YALE UNIVERSITY
BEINECKE RARE BOOK AND MANUSCRIPT LIBRARY
GENERAL COLLECTION OF RARE BOOKS AND
MANUSCRIPTS
MEDIEVAL AND RENAISSANCE MANUSCRIPTS
Mellon MS 7
ALCHEMICAL MISCELLANY, in Latin
North Italy, unsigned, about 1440
7.1 Rasis. Liber utilitatis nature secretorum, a variant version
of the text, ascribed in this codex to Frater Helias, O.F.M.
7.2 Roger Bacon. Ars alkymye, De naturis metallorum et
transformatione ipsorum.
7.3 Hermes. Tabula smaragdina.
7.4 Rasis. Opusculum... in arte alkymie.
7.5 Rasis (or Arnold of Villanova). Flos lilium, or Epistola
Rasis.
7.6 Hermes or Geber. De opere lapidis, ascribed to Rasis in the
text.
7.7 Vididerius. Summa clavium totius alchymiae artis.
Paper codex in Latin, 4to., 208 x 142, a fragment consisting of ff. 34-134
(101 ff.) of a manuscript which contained at least 136 ff. originally (1-33
and all after 134 missing). Foliated 34-134 in an early hand (partly cut
away), repeated in an early seventeenth-century hand; modern pencil
foliation, 1-101 (by Joseph Martini?).
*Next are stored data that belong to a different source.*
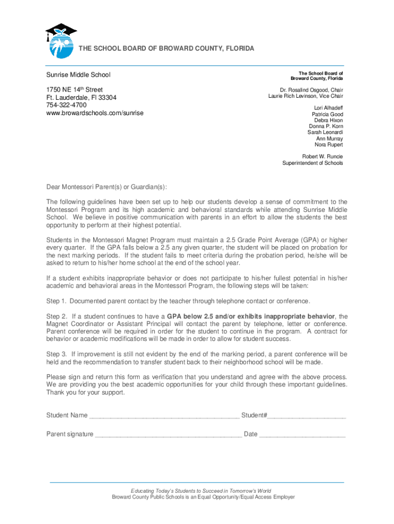 Get the free THE SCHOOL BOARD OF BROWARD COUNTY, FLORIDA Dear ...
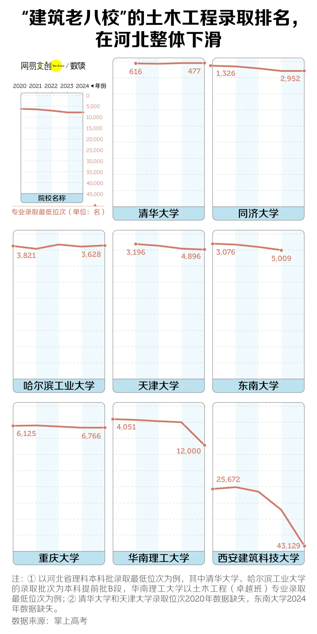 2020年以来,在土木业内拥有重大影响力的“建筑老八校”在河北的高考录取中,除了清华大学、哈工大的最低录取名次在“闷声”回升外,其他学校的录取位次大多有所下跌。相较往年,2024年华南理工大学在河北的最低录取位次掉落了近七千名,西安建筑科技大学更是暴跌一万多名。
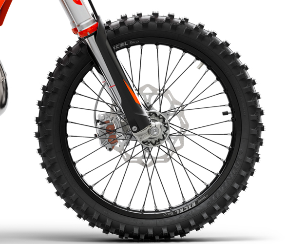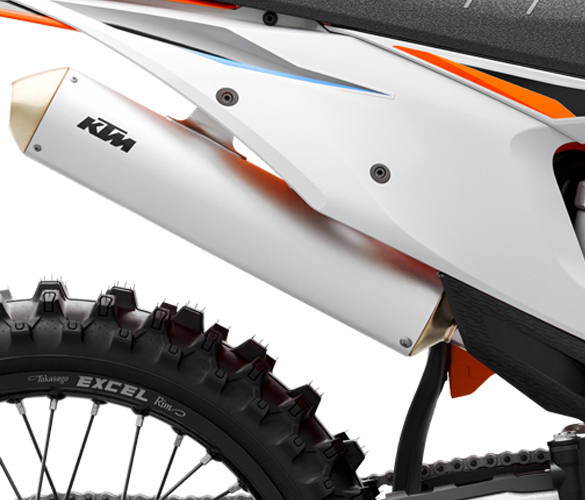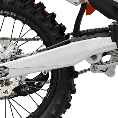 The frame is professionally crafted from hydroformed chromium molybdenum steel tubes that are robot welded, ensuring the highest levels of consistent quality. The stiffness has been precisely tailored for the most dynamic handling, and works in perfect harmony with the suspension to provide nimble agility without losing high-speed stability. The frame also features “no dirt” footpegs, which have a simple but effective self-cleaning system that ensures the footpegs return to their original position, providing complete control in all conditions. All SX frames feature the same highly durable powder coating as the KTM Factory machines and come with standard frame protectors. The subframe is made from lightweight aluminum, providing rear fender stability and strong support for the rider at little extra weight.
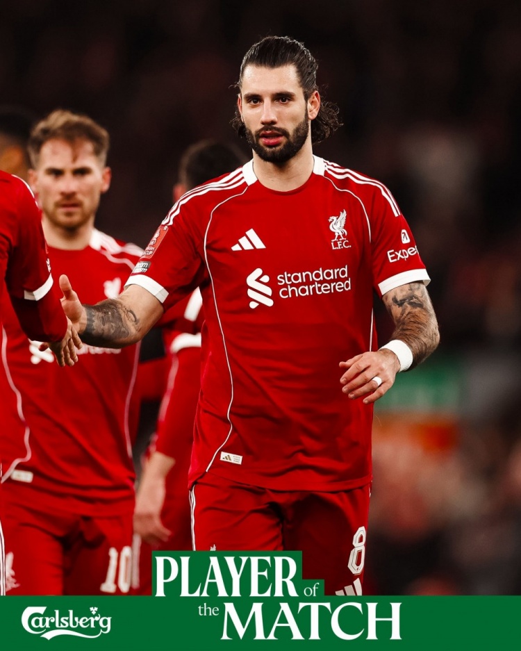 远射破门!索博斯洛伊当选足总杯第三轮利物浦队内最佳球员
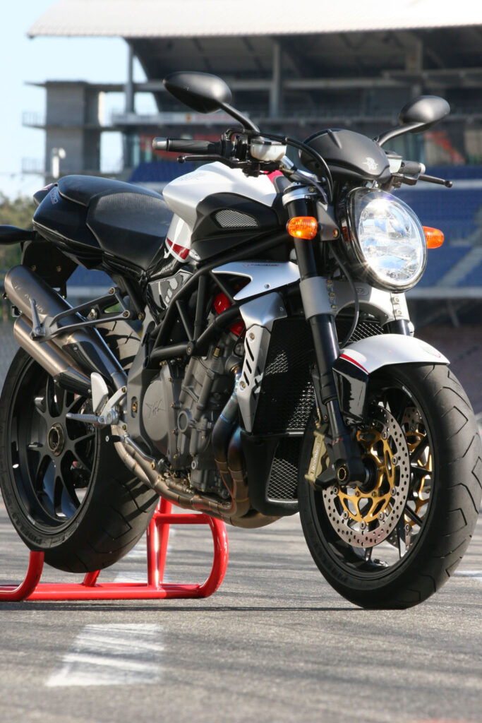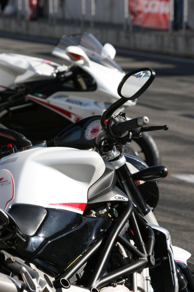 Een vraag die, zodra we de fiets de pitstraat uit rollen, direct positief wordt beantwoord. Natuurlijk, de melodie klinkt vanaf de eerste meters – letterlijk – bekend in de oren, maar dan wel een melodie als ware het een megahit die twintig jaar na dato nog steeds volle danszalen weet te trekken. En dat is nog wel het meest opmerkelijke aan beide modellen die al sinds begin deze eeuw op de modellenlijst van het exclusieve MV Agusta prijken. Daar waar een Ducati Monster je het gevoel geeft dat er wel eens wat nieuws mag komen, smelt datzelfde gevoel nog harder weg dan ijsschotsen door het broeikaseffect zodra je oog op deze MV Agusta modellen valt. Man-oh-man, nog steeds zijn dit twee van de mooiste ontwerpen ooit. Dank, meneer Tamburini, duizend maal dank. Het oogstrelende design, in combinatie met de zondermeer uitmuntende rijeigenschappen, maakt dat we hier maar niet genoeg van kunnen krijgen. Exclusiviteit heeft dan toch zijn voordelen,

Traces of signatures (e, f, k partly
visible) (a-e)^^8-1, f-(q)^^8, (r)^^8-2; catchwords at quire-endings. Written
space 126 x 190, single columns, 25 lines. By one scribe writing a very neat
and regular prehumanistic hand, moderately abbreviated; text in dark brown
ink, book and chapter headings in red, rubrication, capitals stroked yellow,
larger initials painted in red or blue with tracery ornament in the
contrasting color (all decoration probably by the scribe; red headings in the
scribe's hand, all other red decoration with ink of apparently identical
composition); virtually without correction; many marginalia in the hand ofthe
early seventeenth-century foliator, f. 94v written in a sixteenth-century
hand, ff. 125v and 134v in a fifteenth-century hand. Paper much worn,
stained, thumbed, mildewed in margins, and repaired in places, but writing
clear throughout; watermarks in folds and very unclear, one of them perhaps a
gothic, lowercase "a," not identified.
BINDING: Modern binding of parchment, cut from a leaf of a very large
manuscript, probably a lectionary, in two columns, written in a Rotunda
antiquior hand, Italian, twelfth century; writing on outer surface erased,
printed paper label on backstrip.
PROVENANCE: Early ownership unknown; canceled ownership entry, sixteenth
century (?), on f. 66v not read; note on f. 38r, "est dominicus Moroni" (?),
in an eighteenth-century hand; Joseph Martini (bookseller), Lugano, who wrote
pencil notes on the front pastedown and flyleaf; offered by him in Catalogue
XXVIII, no. 4, February 1938, and Catalogue XXIX, no. 5, undated (a cutting
from the latter inserted loosely in the manuscript); Denis Duveen, acquired
from Martini, 1938, with his bookplate and inked number 62; Mellon MS 34,
acquired with the Duveen collection. De Ricci-Bond 11 (34).
CONTENTS
f. 34r, 1: Incipit Liber Alkymie Compositum per fratrem | Heliam ordinis
fratrum minorum.: | Liber iste qui merito utilitatis describitur, ex
archanorum phylosophye floribus...
f. 66v, 1:... et siccetur et constituatur ad ignem et semper, durabit.:
Explicit.: |
[7.1: Helias, Liber alchimiae, attributed to Rasis by TK 822, with the title
Liber utilitatis nature secretorum; TK 822 also cites this manuscript from
Martini's Catalogue XXVIII; DWS 545, etc. However, in other manuscripts the
text is substantially shorter, and the explicit supplied by DWS from Digby
119 in the Bodleian nowhere appears in this codex. The ascription to Elias
(of Cortona?) apparently is not found in any other manuscript.]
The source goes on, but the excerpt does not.